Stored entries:
###
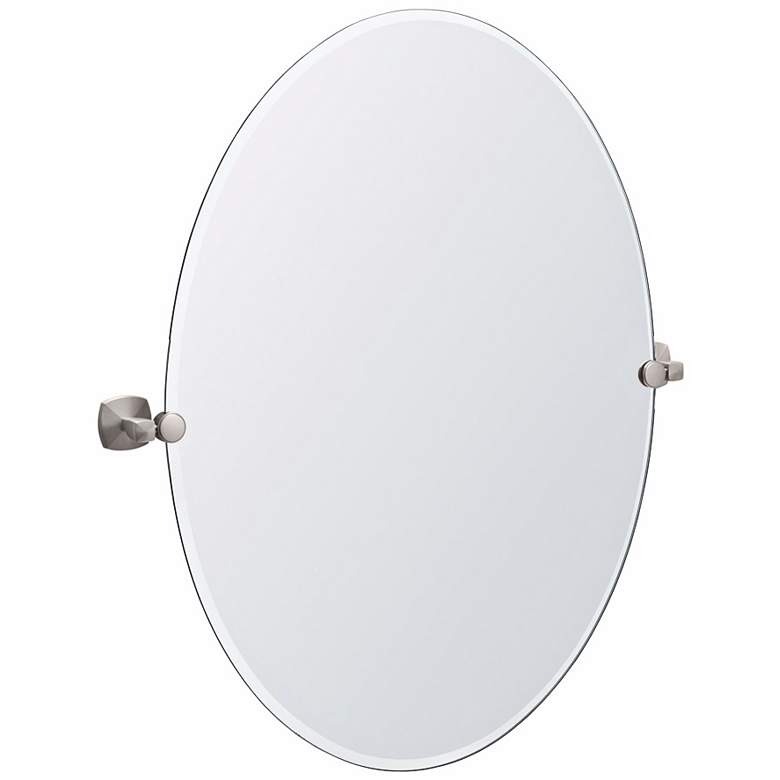 Gatco Jewel Satin Nickel 28" x 32" Oval Tilt Wall Mirror
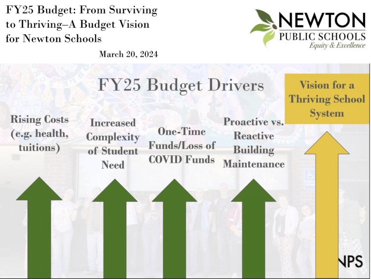 The School Committee meeting scheduled for March 20 will focus on the budget for Newton Public Schools (NPS) for Fiscal Year (FY) 2025, which corresponds to the academic year from fall 2024 through spring 2025. The proposed budget totals $286.3 million, which is a 5.17% increase over to the current year’s budget, inclusive of various special funding line items. The increase represents the largest year-over-year growth in the NPS budget in several years.
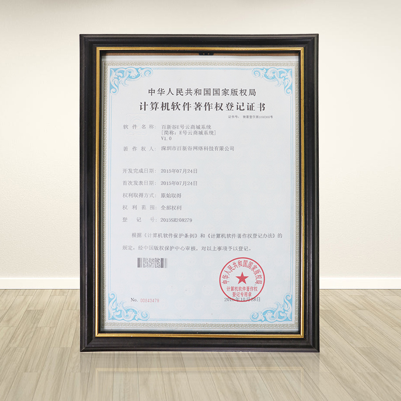 深圳市百新谷网络科技有限公司,百新谷E号云商城系统V1.0软件通过审核,获得中华人民共和国国家版权局下发的——《计算机软件著作权登记证书》。
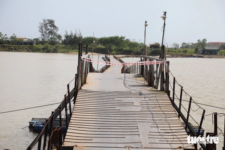 Cầu phao Triệu Độ bị tạm dừng hoạt động từ sáng 16-3 - Ảnh: HOÀNG TÁO
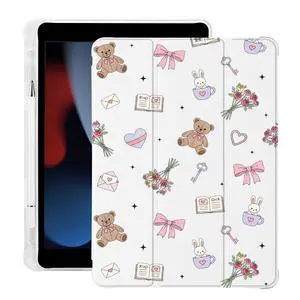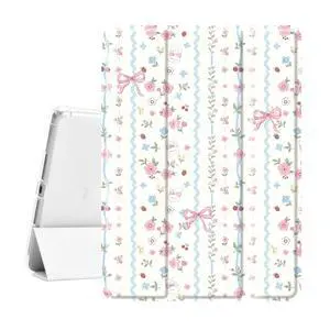 Idocolors Cute Kawaii Floral Bunny Bow Pad Case for 11 Inch iPad Pro(2024), Clear TPU Smart Stand Back Cover with Pencil Holder, Auto Wake/Sleep Foldable Shockproof Protective Case for Women Girls
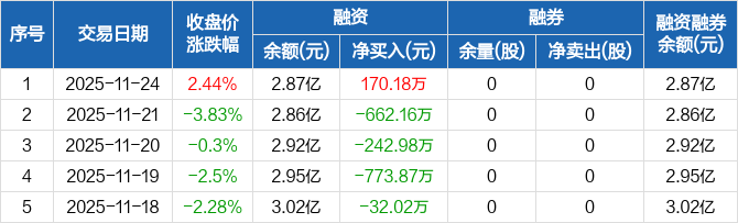 达瑞电子:融资净买入170.18万元,融资余额2.87亿元(11-24)
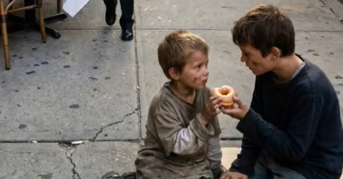 Across the narrow asphalt divide, the air felt sharper and the light dimmer. Leaning against a graffiti-stained brick wall, another boy of the same age sat on a flattened cardboard box. His clothes were thin, worn to threads at the elbows and knees, but his attention was entirely captured by a singular, grease-stained paper bag. With dirt-smudged fingers, he carefully pulled out a single glazed donut. It was slightly crushed, likely a day-old discard from a nearby bakery, but to him, it was a feast. He broke it in half with practiced precision, savoring the sugary scent before taking a small, deliberate bite.
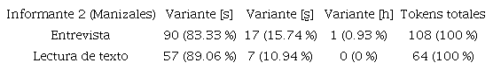 A continuación, se presenta la tabulación de las variantes para la informante de Manizales:
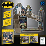 Batman World of Wooden Toys are made with durable and sustainable wood with eye catching and cool designs. Crafted for young Batman fans whilst staying true to the classic Batman styling, this fun range aims to stimulate a childs imagination during play. On the outskirts of Gotham City lies stately Wayne Manor, the domain of billionaire businessman, Bruce Wayne and the secret lair of his alter ego, superhero crime fighter Batman. This double-sided playset looks like Wayne Manor from the front but on the reverse is the Batcave where Batman maintains his equipment, develops new crime fighting tools and monitors the daily crime stats of the city beyond. The playset has control panels and a secret entrance for the Batmobile (Batmobile sold separately), and a collapsible gantry. Includes one wooden Batman figure. Made from environmentally responsible FSCcertified wood, (license C156989), and suitable for children aged 3 years and over. Batman World of Wood! Durable, Sustainable and Imaginative Play!
###
Assignment
Set down all of the data word for word; no pictures belong in it.

Solution to this task
 Gatco Jewel Satin Nickel 28" x 32" Oval Tilt Wall Mirror
 The School Committee meeting scheduled for March 20 will focus on the budget for Newton Public Schools (NPS) for Fiscal Year (FY) 2025, which corresponds to the academic year from fall 2024 through spring 2025. The proposed budget totals $286.3 million, which is a 5.17% increase over to the current year’s budget, inclusive of various special funding line items. The increase represents the largest year-over-year growth in the NPS budget in several years.
 深圳市百新谷网络科技有限公司,百新谷E号云商城系统V1.0软件通过审核,获得中华人民共和国国家版权局下发的——《计算机软件著作权登记证书》。
 Cầu phao Triệu Độ bị tạm dừng hoạt động từ sáng 16-3 - Ảnh: HOÀNG TÁO
 Idocolors Cute Kawaii Floral Bunny Bow Pad Case for 11 Inch iPad Pro(2024), Clear TPU Smart Stand Back Cover with Pencil Holder, Auto Wake/Sleep Foldable Shockproof Protective Case for Women Girls
 达瑞电子:融资净买入170.18万元,融资余额2.87亿元(11-24)
 Across the narrow asphalt divide, the air felt sharper and the light dimmer. Leaning against a graffiti-stained brick wall, another boy of the same age sat on a flattened cardboard box. His clothes were thin, worn to threads at the elbows and knees, but his attention was entirely captured by a singular, grease-stained paper bag. With dirt-smudged fingers, he carefully pulled out a single glazed donut. It was slightly crushed, likely a day-old discard from a nearby bakery, but to him, it was a feast. He broke it in half with practiced precision, savoring the sugary scent before taking a small, deliberate bite.
 A continuación, se presenta la tabulación de las variantes para la informante de Manizales:
 Batman World of Wooden Toys are made with durable and sustainable wood with eye catching and cool designs. Crafted for young Batman fans whilst staying true to the classic Batman styling, this fun range aims to stimulate a childs imagination during play. On the outskirts of Gotham City lies stately Wayne Manor, the domain of billionaire businessman, Bruce Wayne and the secret lair of his alter ego, superhero crime fighter Batman. This double-sided playset looks like Wayne Manor from the front but on the reverse is the Batcave where Batman maintains his equipment, develops new crime fighting tools and monitors the daily crime stats of the city beyond. The playset has control panels and a secret entrance for the Batmobile (Batmobile sold separately), and a collapsible gantry. Includes one wooden Batman figure. Made from environmentally responsible FSCcertified wood, (license C156989), and suitable for children aged 3 years and over. Batman World of Wood! Durable, Sustainable and Imaginative Play!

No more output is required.